On Thu, Jan 28, 2021 at 8:35 AM Arvid Heise <[hidden email]> wrote:
Hi Marco,

afaik you don't need HADOOP_HOME or core-site.xml.

I'm also not sure from where you got your config keys. (I guess from the Presto page, which probably all work if you remove hive., maybe we should also support that)

All keys with prefix s3 or s3p (and fs.s3, fs.s3p) are routed towards presto [1].

So it should be
s3.access-key: XXX
s3.secret-key: XXX
s3.endpoint: http://aws:4566
s3.path-style-access: true
s3.path.style.access: true (only one of them is needed, but I don't know which, so please try out)

[1] https://ci.apache.org/projects/flink/flink-docs-stable/deployment/filesystems/s3.html#configure-access-credentials

On Thu, Jan 28, 2021 at 4:58 PM Marco Villalobos <[hidden email]> wrote:
Hi,

I got s3a working on localstack.
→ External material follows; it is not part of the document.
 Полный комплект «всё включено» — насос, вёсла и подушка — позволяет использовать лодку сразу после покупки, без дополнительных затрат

The missing piece of information from Flink documentation seems to be that the system requires a HADOOP_HOME and core-site.xml.
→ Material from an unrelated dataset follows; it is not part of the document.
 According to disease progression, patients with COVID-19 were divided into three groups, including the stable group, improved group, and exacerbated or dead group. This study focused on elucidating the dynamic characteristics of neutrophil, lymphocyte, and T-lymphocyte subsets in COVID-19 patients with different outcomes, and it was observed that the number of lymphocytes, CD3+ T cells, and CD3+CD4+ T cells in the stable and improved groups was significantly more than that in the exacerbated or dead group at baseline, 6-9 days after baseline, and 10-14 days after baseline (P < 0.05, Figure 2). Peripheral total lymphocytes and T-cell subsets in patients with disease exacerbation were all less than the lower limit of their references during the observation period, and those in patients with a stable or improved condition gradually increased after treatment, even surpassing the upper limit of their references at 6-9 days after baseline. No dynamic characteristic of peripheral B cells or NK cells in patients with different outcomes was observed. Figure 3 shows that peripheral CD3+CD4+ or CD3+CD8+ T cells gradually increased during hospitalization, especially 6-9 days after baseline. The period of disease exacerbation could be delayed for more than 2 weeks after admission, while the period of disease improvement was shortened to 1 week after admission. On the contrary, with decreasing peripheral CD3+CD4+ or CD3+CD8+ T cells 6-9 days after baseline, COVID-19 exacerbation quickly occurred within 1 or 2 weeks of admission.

Flink documentation states that s3p (presto) should be used for file checkpointing into s3. I am using RocksDB, which I assume also means that I should use s3p (the documentation was not specific about that).  Is that assumption correct?

However, I cannot get s3p working now.

I did the following so far:

I created the s3-fs-presto plugin directory and copied the jar from the opt directory there.
I am not sure where to put the configuration keys though.  The documentation states that I can just put in my flink-conf.yaml, but I had no success.
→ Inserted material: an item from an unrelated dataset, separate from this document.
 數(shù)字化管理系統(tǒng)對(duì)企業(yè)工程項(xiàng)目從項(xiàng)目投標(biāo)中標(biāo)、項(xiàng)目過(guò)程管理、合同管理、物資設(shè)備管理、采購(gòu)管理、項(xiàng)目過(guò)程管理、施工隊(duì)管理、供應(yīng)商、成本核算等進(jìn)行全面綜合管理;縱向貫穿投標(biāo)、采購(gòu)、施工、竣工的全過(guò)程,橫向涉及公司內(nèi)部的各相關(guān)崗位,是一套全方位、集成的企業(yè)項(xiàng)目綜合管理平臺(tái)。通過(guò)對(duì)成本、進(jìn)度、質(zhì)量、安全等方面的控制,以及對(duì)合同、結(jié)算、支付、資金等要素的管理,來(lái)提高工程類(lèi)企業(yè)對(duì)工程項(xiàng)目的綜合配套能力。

Where do I put the presto configuration keys? Are there any other missing steps? Is this something that would only work on an EMR environment with a real HIVE running?

# The S3 storage endpoint server. This can be used to connect to an S3-compatible storage
# system instead of AWS. When using v4 signatures, it is recommended to set this to the
# AWS region-specific endpoint (e.g., http[s]://<bucket>.s3-<AWS-region>.amazonaws.com).
hive.s3.endpoint: http://aws:4566

# Use HTTPS to communicate with the S3 API (defaults to true).
hive.s3.ssl.enabled: false

# Use path-style access for all requests to the S3-compatible storage.
# This is for S3-compatible storage that doesn’t support virtual-hosted-style access. (defaults to false)
hive.s3.path-style-access: true

But that also did not work.

Any advice would be appreciated.

-Marco Villalobos